- Born: February 1, 1899 Springfield, Ohio, US
- Died: March 14, 1979 (aged 80) New Haven, Connecticut, US
- Education: Ohio State University Columbia University
- Known for: Probit model
- Scientific career
- Fields: Biology Statistics
- Thesis: Temperature Characteristics for Prepupal Development in Drosophila Melanogaster (1926)
- Doctoral advisor: Thomas Hunt Morgan

= Chester Ittner Bliss =

American statistician (1899–1979)

Chester Ittner Bliss (February 1, 1899 – March 14, 1979) was an American biologist, who is best known for his contributions to statistics.

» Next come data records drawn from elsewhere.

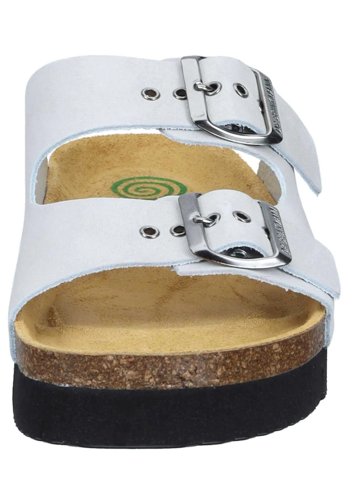 Bei diesem Produkt handelt es sich um einen Schuh aus der Kategorie Klassische Pantoletten für Damen. Als Obermaterial wurde Nubukleder verwendet und im inneren Bereich des Schuhs wurde ungefüttert und weiche Lederdecksohle, gepolstertes Naturform-Korkfußbett verarbeitet. Die Schuhweite dieses Artikels ist Weite G und somit normal. Als Verschlussart wurde Schlupfschuh gewählt und die Leichtzellsohle rundet das Produkt ab. Der Artikel fällt normal aus, bitte die gewohnte Größe bestellen. – Schuhweite: Weite G –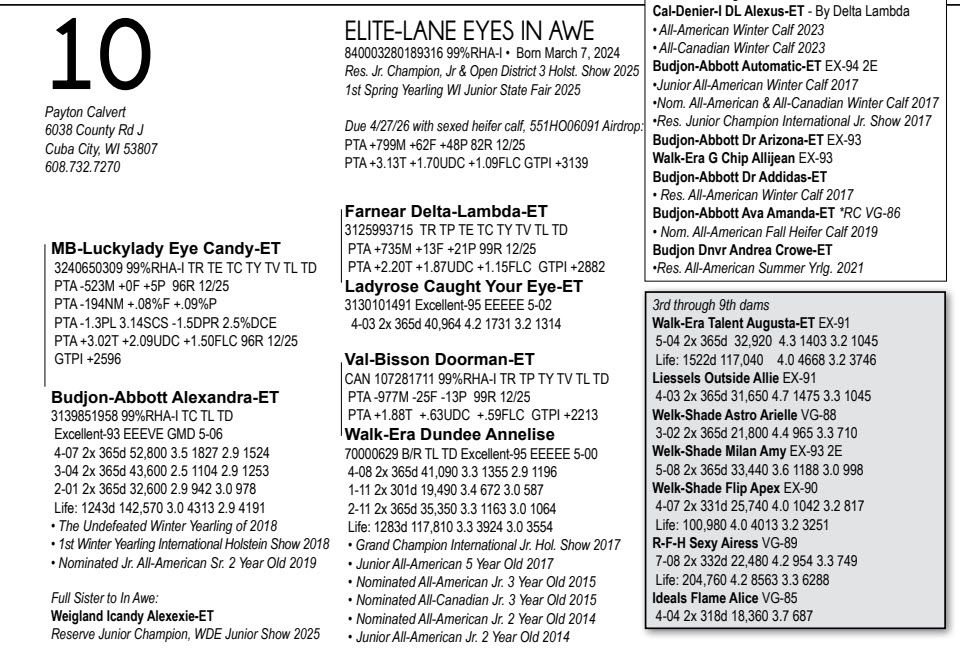 1st Spring Yearling WI Junior State Fair 2025 Due 4/27/26 with sexed heifer calf, 551HO06091 Airdrop: PTA +799M +62F +48P 82R 12/25 PTA +3.13T +1.70UDC +1.09FLC GTPI +3139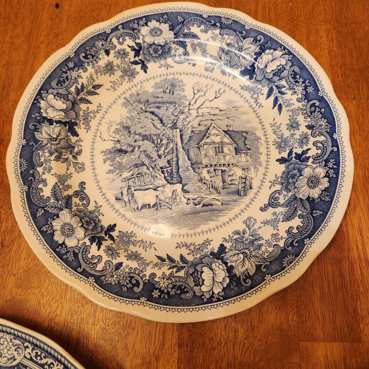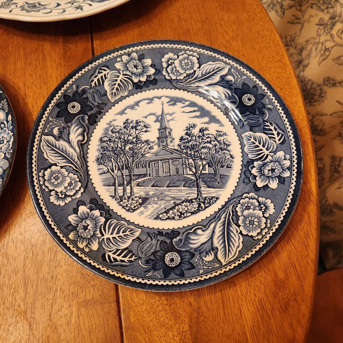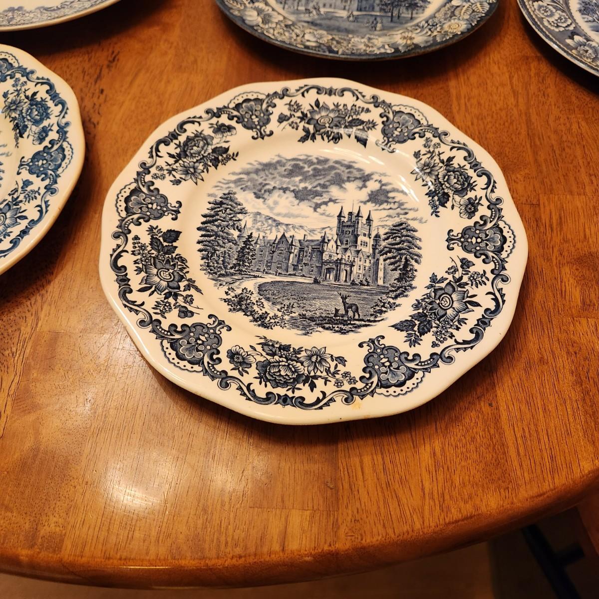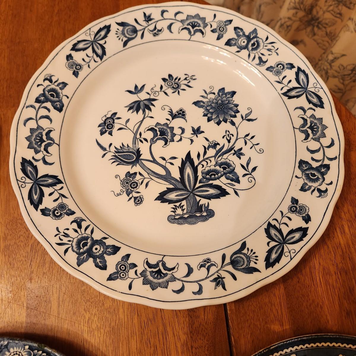 Lot of 9 Flow Blue Plates Spode, Blue Bonnet, Wedgwood, Liberty Blue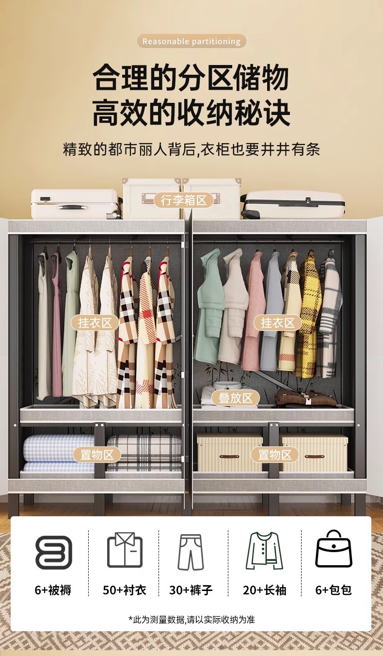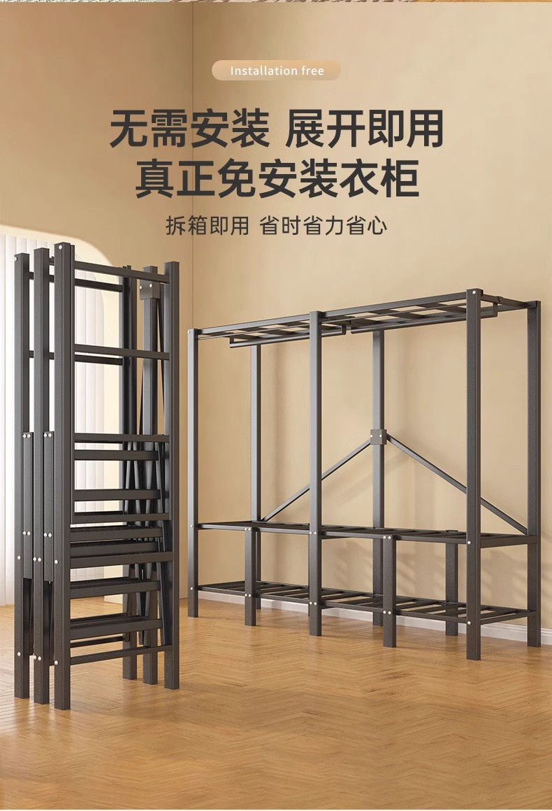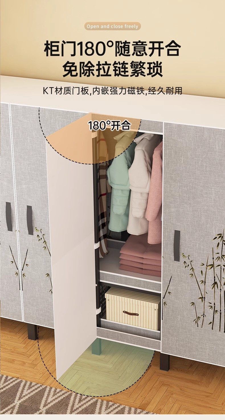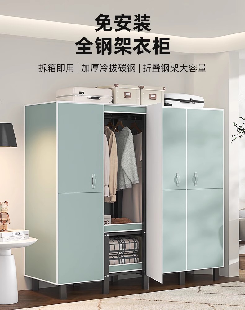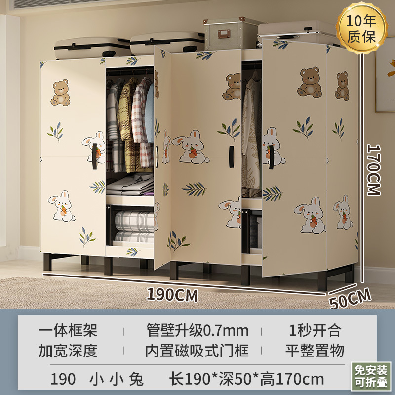 설치 무료 보관 옷장 가정용 침실 옷감 접이식 풀 스틸 프레임 마그네틱 도어 두꺼운 옷장스토어 가기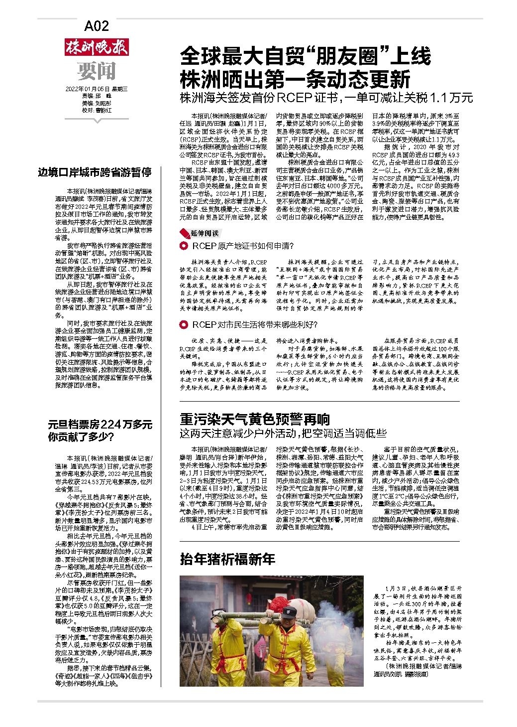 全球最大自贸“朋友圈”上线 株洲晒出第一条动态更新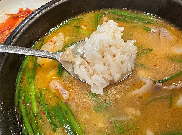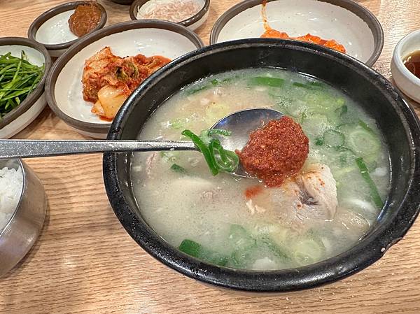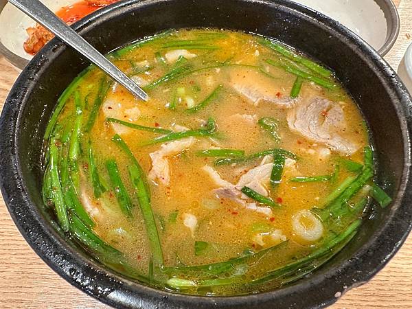 豬肉湯飯是釜山的在地特色美食,松亭三代的湯頭據稱是用豬骨熬煮多時的乳白色濃湯,口感濃郁且香醇,湯頭直接喝是清淡的,可以根據個人喜好加入蝦醬、韭菜、泡菜或辣椒醬等配料,調整湯的鹹度和風味。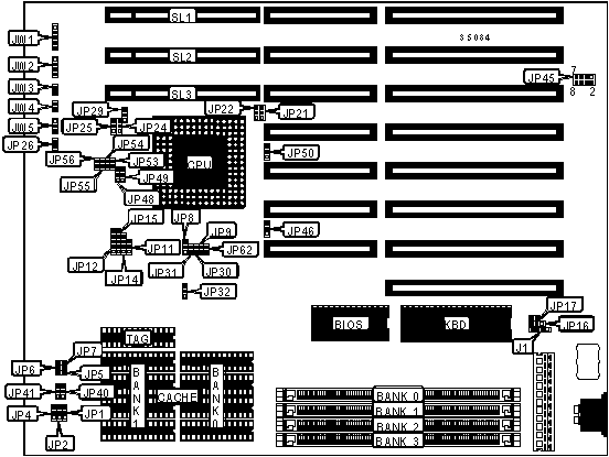 Note: Pins designated should be in the closed position. SL80486DX/DX2 is only available on the AH4T mainboard |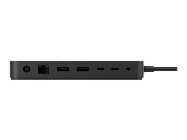 Microsoft Surface Dock fungerer som en allsidig dokkingstasjon som gir sømløs tilkobling og økt produktivitet. Med en integrert formfaktor er den designet for å fungere med Surface-enheten din, og gir en robust strømforsyning og en rekke tilkoblingsmuligheter. Denne enheten er utstyrt med ulike grensesnitt, inkludert lyd- og nettverksporter, som sikrer en omfattende tilkoblingsopplevelse for personlige og profesjonelle behov. Nettverksfunksjonalitet støttes gjennom Ethernet-, Fast Ethernet- og Gigabit Ethernet-protokoller, noe som gir stabil og rask internettilgang. Kensington-sikkerhetssporet forbedrer enhetens sikkerhet ved å muliggjøre fysiske tiltak som beskytter verdifullt utstyr. Surface Dock forenkler arbeidsområdet ditt og forbedrer dine daglige databehov med sin pålitelige og effektive design.
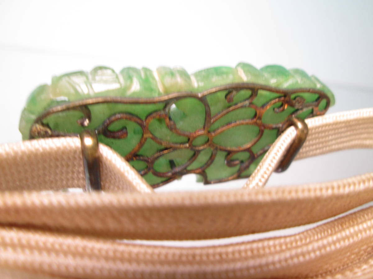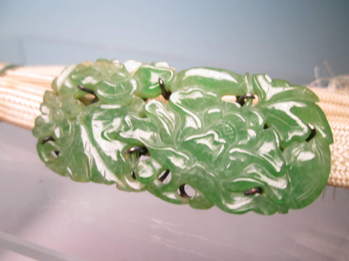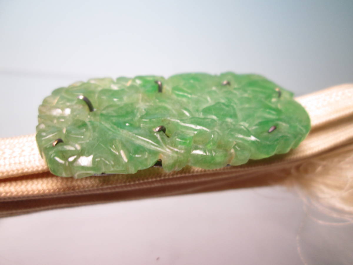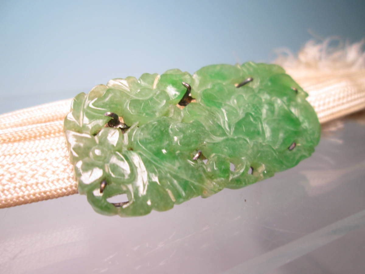 【江月】アンティーク・は久すい 本翡翠 牡丹の花透かし彫刻の帯留め 共ケース付

He was born in Springfield, Ohio in 1899 and died in 1979. He was the first secretary of the International Biometric Society.

==Academic qualifications==

- Bachelor of Arts in Entomology from Ohio State University, 1921
- Master of Arts from Columbia University, 1922
- PhD from Columbia University, 1926

Remarkably, his statistical knowledge was largely self-taught and developed according to the problems he wanted to solve (Cochran & Finney 1979).
Nevertheless, in 1942 he was elected as a Fellow of the American Statistical Association.

==Major contributions==
The idea of the probit function was published by Bliss in a 1934 article in Science on how to treat data such as the percentage of a pest killed by a pesticide. Bliss proposed transforming the percentage killed into a "probability unit" (or "probit").

Arguably his most important contribution was the development, with Ronald Fisher, of an iterative approach to finding maximum likelihood estimates in the probit method of bioassay. Additional contributions in biological assay were work on the analysis of time-mortality data and of slope-ratio assays (Cochran & Finney 1979).

Bliss introduced the word rankit, meaning an expected normal order statistic.